Rheinfelden „Frühlingsausritt in des Teufels Hintern“

Die Oberbadische

Kabarett: Satiriker Andreas Thiel tischt beim Auftritt in Rheinfelden eine subtile Art von Humor auf

Rheinfelden. Hoppla, was war das denn? Kaum muss die Kabarettreihe in Rheinfelden wegen des aktuellen Umbaus des Bürgersaals auf den Campus umziehen, wechselt auch das Genre: von Kabarett zu Satire.

Humor ist ja bekanntlich, wenn man trotzdem lacht. Bei jenem Protagonisten des Abends, dem perfekt Hochdeutsch sprechenden Berner Andreas Thiel, müsste es aber heißen: Humor ist, wenn man richtig lacht. Das Gegenteil von Humor ist für den 45-Jährigen nicht Ernsthaftigkeit, sondern Empörung. Und als Satiriker, jene vom Aussterben bedrohte Art, für die Thiel sich ebenfalls hält, gelte es zu überlegen, was man sagt.

Nicht von ungefähr hat der Berner in den vergangenen zwei Jahren viel Kritik einstecken müssen über seine Äußerungen zum Islam, zum Koran und zum Propheten Mohamed. Er dachte sogar über ein Ende seiner Bühnenkarriere nach. Beim Auftritt in Rheinfelden gibt er sich etwas zahmer, lässt Einiges aus, denn auch er als Satiriker weiß nur zu gut: „Als Satiriker bewegst du dich weit oberhalb der Gürtellinie, da wird die Luft dünn. Bewegst du dich unterhalb, gibt’s oft dicke Luft.“ Geradezu mit Wollust schießt er mit scharfen Pointen, frei nach dem Motto: „Schießt ein Terrorist und trifft, kannst du nicht mehr lachen, trifft ein Satiriker, hast du nichts zu lachen.“

Da stand er also, mit seinem perfekt hochfrisierten Irokesen-Kamm, einem Glas Champagner in der Hand und einem süffisanten Lächeln im Gesicht: Thiel war bei seinem Auftritt im Campus eigentlich nichts anzumerken von den schwierigen Zeiten, die er durchmacht. Er erklärt in seinem Bühnenprogramm „Der Humor“, was überhaupt noch lustig ist. Humorlosigkeit ist für Thiel die Schwester der Intoleranz und die Tante des Rassismus.

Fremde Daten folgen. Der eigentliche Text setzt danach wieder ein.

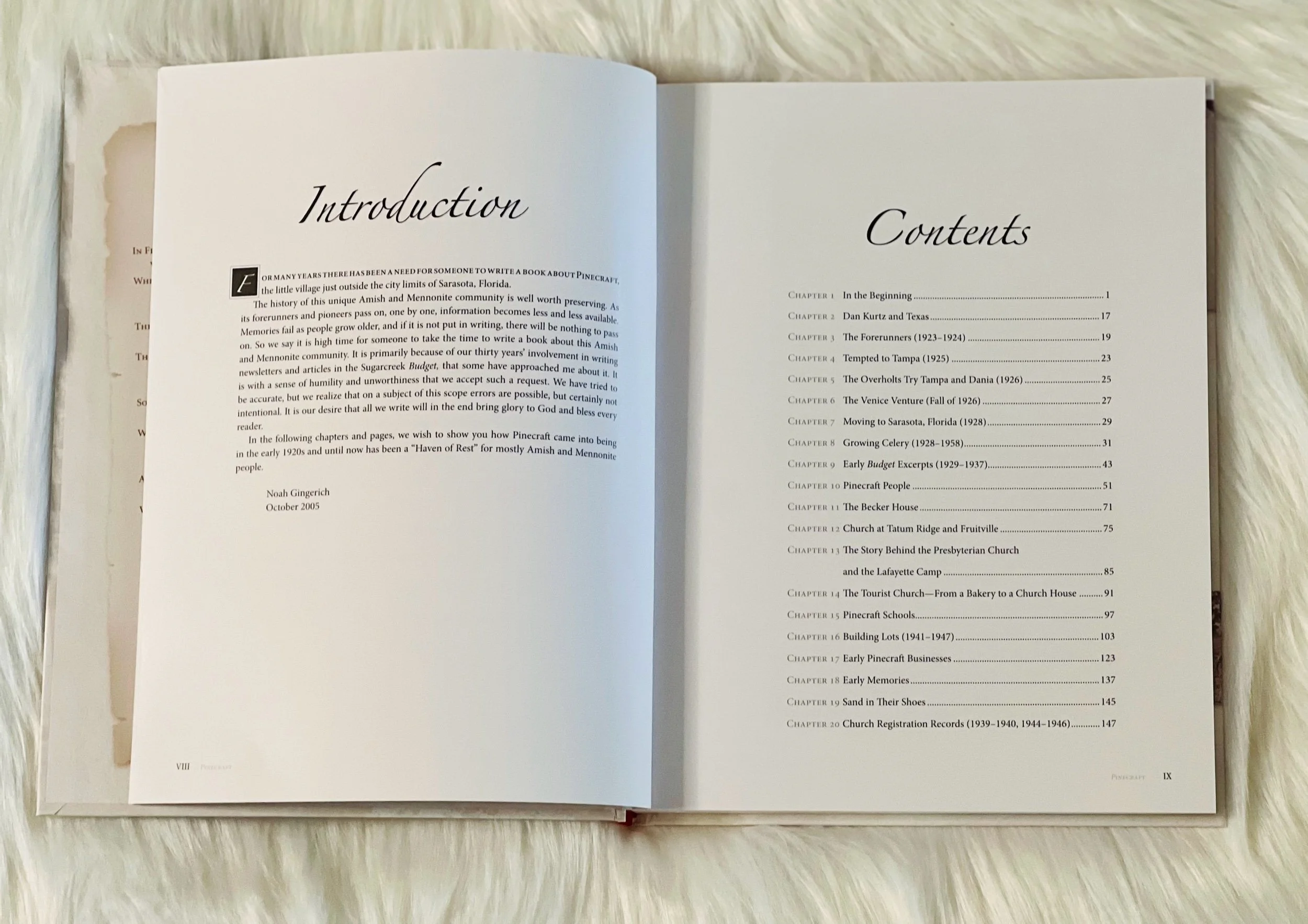 In the following chapters and pages, we wish to show you how Pinecraft came into being in the early 1920s and until now has been a "Haven of Rest" for mostly Amish and Mennonite people. -Noah Gingerich, October 2005

Fürwahr, kaum ein Schweizer Satiriker polarisiert wie er – von den einen bejubelt, von den anderen gehasst.

Humorlosigkeit ist die Schwester der Intoleranz

In seinem neusten Kabarettprogramm forscht er nach Wurzel und Wirkung von dem, was uns zum Lachen bringt. Denn in Zeiten, in welchen Komiker unter Polizeischutz das Publikum zum Lachen bringen, wird es für ihn lustig. Tatsächlich stellt sich aber die Frage, wie lustig Andreas Thiel ist. Wenn er mit seinem ausgeprägten Bühnendeutsch über Einsteins Relativitätstheorie, über Politiker als Minderheit, die glaubt, die Mehrheit zu vertreten, die Äquivalenz von Energie und Wasser oder von Bäumen als Ansammlung von Licht referiert, so ist das zumindest eigenwillig. Aber lustig?

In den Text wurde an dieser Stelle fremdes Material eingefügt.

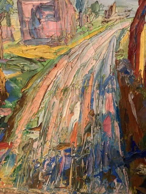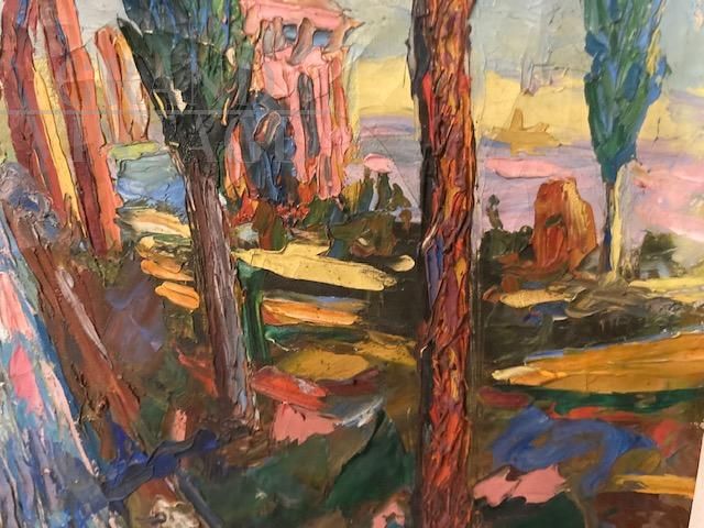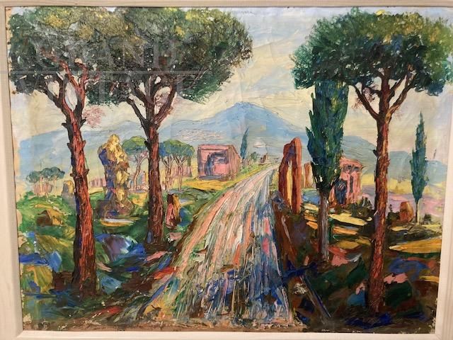 Painting with tree-lined avenue, oil on canvas from the 1940s

Thiel platziert Pointen wie: „In einem Wald steht nur Licht rum. Aber es bewegt sich nicht, deshalb ist es dunkel“, das Publikum lacht artig. Doch Begeisterung? Na ja, dafür sind seine Themen zu wenig volksnah, seine Seitenhiebe zu subtil, seine Sätze zu zäh und sprunghaft.

Überhaupt: Von polemisch über bizarr bis hin zu grotesk: In diesem Spektrum bewegt sich, was Thiel in seinem Bühnenprogramm auftischt. „Ein Frühlingausritt in des Teufels Hintern“, nennt er es selbst verniedlichend. Bisweilen ist’s aber schwere Kost, getränkt von Sarkasmus, Sadismus, Zynismus und weit hergeholter Satire, die es da zu verdauen gilt. Als „freien Denker und eleganten Sprachvirtuosen“ rühmten ihn die Juroren vor zwei Jahren, der „die Toleranzgrenzen seines Publikums ganz bewusst und mit gezielt scharfen inhaltlichen Provokationen auslotet“.

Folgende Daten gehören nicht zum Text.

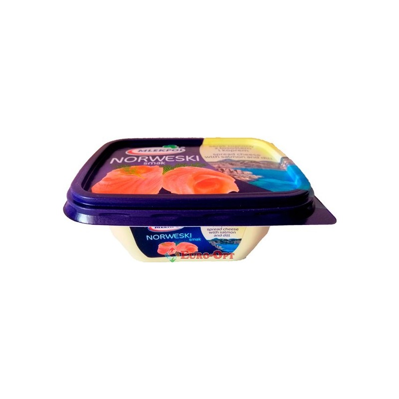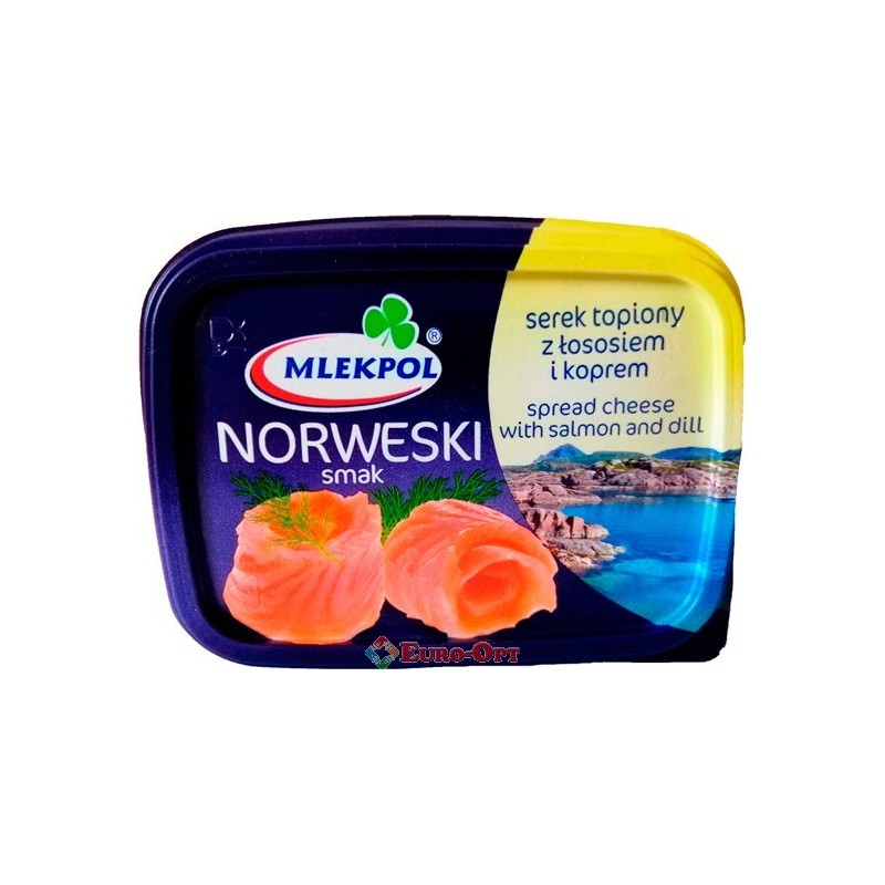 Сир плавлений Mlekpol norweski smak 150g   М'який плавлений сир Mlekpol з лососем і кропом має дуже ніжний смак! Чи стане прекрасним доповненням до бутерброду вранці.

Keine Frage: Wer bei Thiel unbeschwert drauflos lachen wollte, war fehl am Platz. Der Abend war vielmehr eine Art Gratwanderung mit der immer wieder gestellten Frage: Soll, darf man lachen, oder ist kräftiges Schlucken oder betroffenes Schweigen angebracht? Und so mancher Lacher blieb auch im Halse stecken.